Bah! Le monde est si petit... Peut-être un jour...
Le Docteur Tant-Pis

I
Où l'on voit Emile jouer aux échecs, Barbet reprendre une
fois de plus son métier de monte-en-l'air, et un cadavre
se déplacer comme par magie
L'homme aux cheveux gris coupés court sur la tête, au visage carré, aux épaules carrées, aux paupières lourdes mais aux prunelles mobiles, se renversa avec un soupir sur la banquette de moleskine grenat et laissa errer son regard sur cette salle de café, au premier étage, qui servait de siège social au Club des échecs de Paris.
Là seulement on pouvait voir autant d'hommes réunis garder un pareil silence, et c'est dans une atmosphère stagnante comme une mare que montait lentement la fumée des pipes et des cigarettes, tandis que des disques de carton amortissaient le choc des verres de bière sur les tables.
L'horloge à cadran doré suspendue entre les deux salles marquait dix heures vingt. L'homme qui venait de faire deux parties d'échecs se donnait quelques instants de répit, comme de rêverie.
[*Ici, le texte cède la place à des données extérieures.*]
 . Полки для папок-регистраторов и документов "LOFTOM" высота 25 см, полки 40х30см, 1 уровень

Dans quelques instants il se lèverait, endosserait avec un soupir son lourd pardessus et, de la place du Théâtre-Français, où il se trouvait, il se dirigerait à pas égaux vers le boulevard Beaumarchais.
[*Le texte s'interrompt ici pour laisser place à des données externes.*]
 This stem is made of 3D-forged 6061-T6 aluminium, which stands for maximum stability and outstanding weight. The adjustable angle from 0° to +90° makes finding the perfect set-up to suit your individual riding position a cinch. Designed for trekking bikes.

-- Pardon, docteur... Permettez que je vous présente un camarade... Il ne fait pas partie du cercle, mais il est venu ce soir en invité et il vous a vu jouer tout à l'heure...
Un regard filtra, étonnamment aigu, des lourdes paupières et se fixa sur un jeune homme maigre, aux cheveux roux, aux lunettes d'écaille, qui avait l'air d'un jeune universitaire.
Quant à celui qui parlait, c'était le vice-président du cercle.
— Mon ami Tallandier, poursuivait-il, m'a fait part de son désir de jouer une partie contre vous et il est disposé à vous rendre une tour et un fou...
Le docteur Maupin était un des plus redoutables joueurs d'échecs du cercle. Il venait de gagner sans effort deux parties contre un Russe pourtant célèbre. Et voilà qu'un jeune inconnu le défiait, lui rendait deux pièces aussi importantes qu'une tour et un fou!
Le regard du docteur alla à l'horloge, au pardessus accroché à la patère, puis enfin au jeu encore sur la table. Le vice-président eut l'impression qu'un combat se livrait en lui, disproportionné avec la situation, qu'il y avait de la rancœur, peut-être même de la haine dans sa voix quand il laissa enfin tomber:
— Soit!... Asseyez-vous, monsieur...
Ce fut là une étrange partie. Certes, Emile, l'animateur de l'Agence O, était d'une certaine force aux échecs, mais pas, cependant, au point de rendre une tour et un fou à un adversaire comme le docteur.
Pour lui, toute la question était de retenir celui-ci dans la salle du premier étage du café jusqu'à ce que certain coup de téléphone...
Or le docteur Maupin paraissait avoir Percé à jour non seulement la véritable identité du jeune homme, mais encore son projet. Plus exactement, 'il réfléchissait, regardait tour à tour 'l'horloge et le jeu, paraissant s'attendre à quelque événement.